START Source material

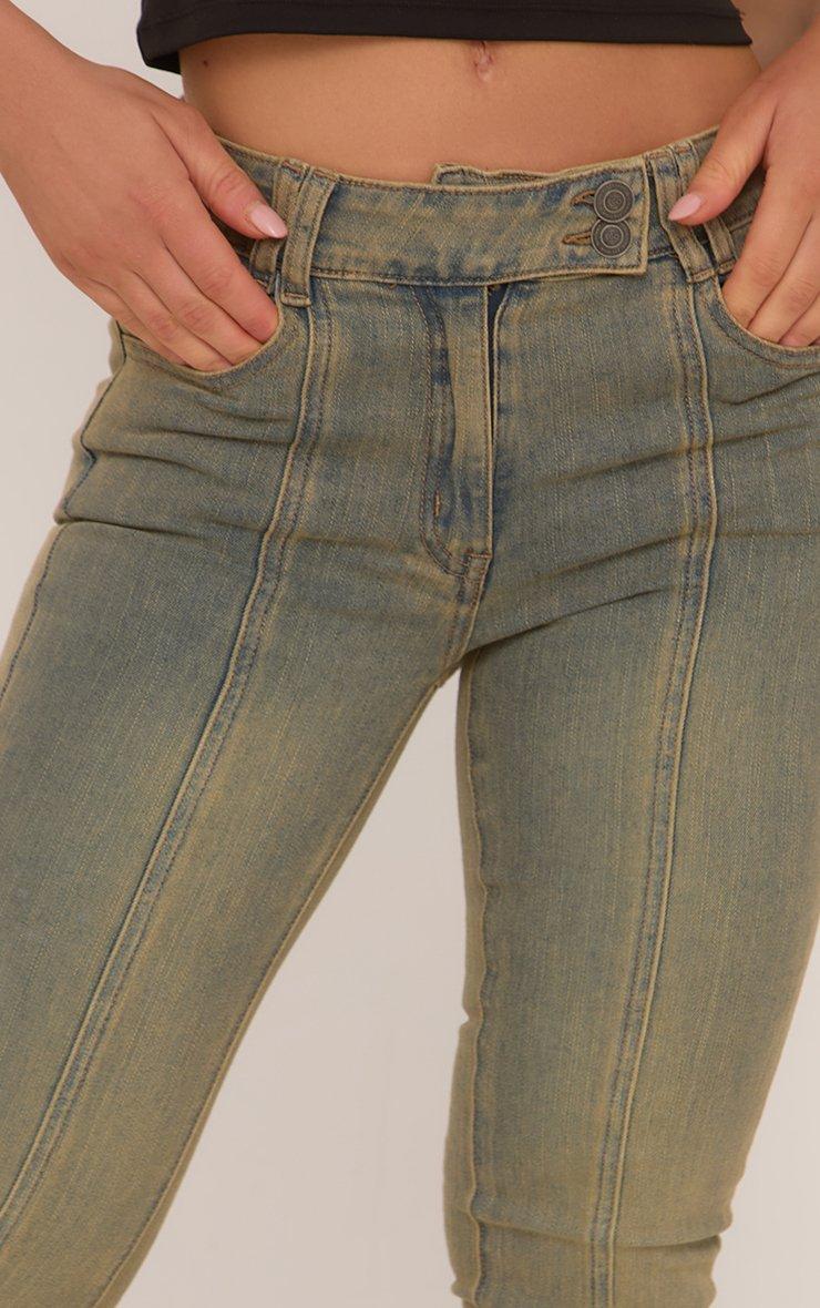 Low Rise Button Up Seam Detail Capri Jeans In Indigo Blue Denim
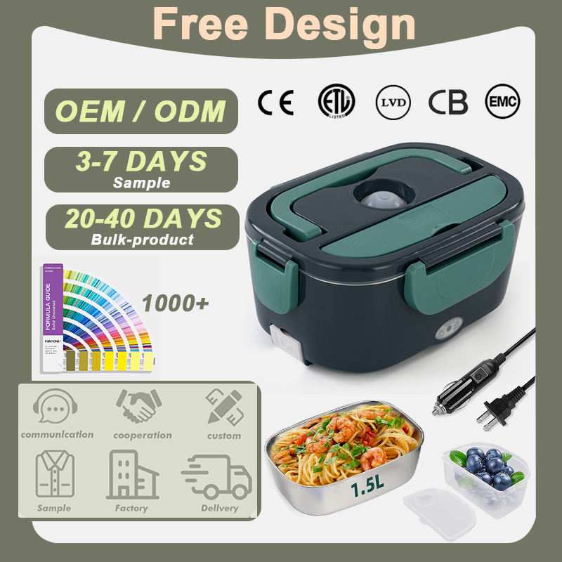 Boîte à lunch électrique portable OEM ODM avec logo/couleur, chauffe-aliments électrique en acier inoxydable de 1,5 L
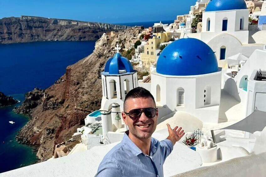 Visita Oia e le Tre Cupole Blu, sosta fotografica alle Tre Campane di Fira — il tutto in una panoramica visita guidata di 3 ore.

END Source material

## [Work instruction]
Take the data above and repeat it exactly, leaving each picture out.

## [Worked solution]
 Low Rise Button Up Seam Detail Capri Jeans In Indigo Blue Denim
 Boîte à lunch électrique portable OEM ODM avec logo/couleur, chauffe-aliments électrique en acier inoxydable de 1,5 L
 Visita Oia e le Tre Cupole Blu, sosta fotografica alle Tre Campane di Fira — il tutto in una panoramica visita guidata di 3 ore.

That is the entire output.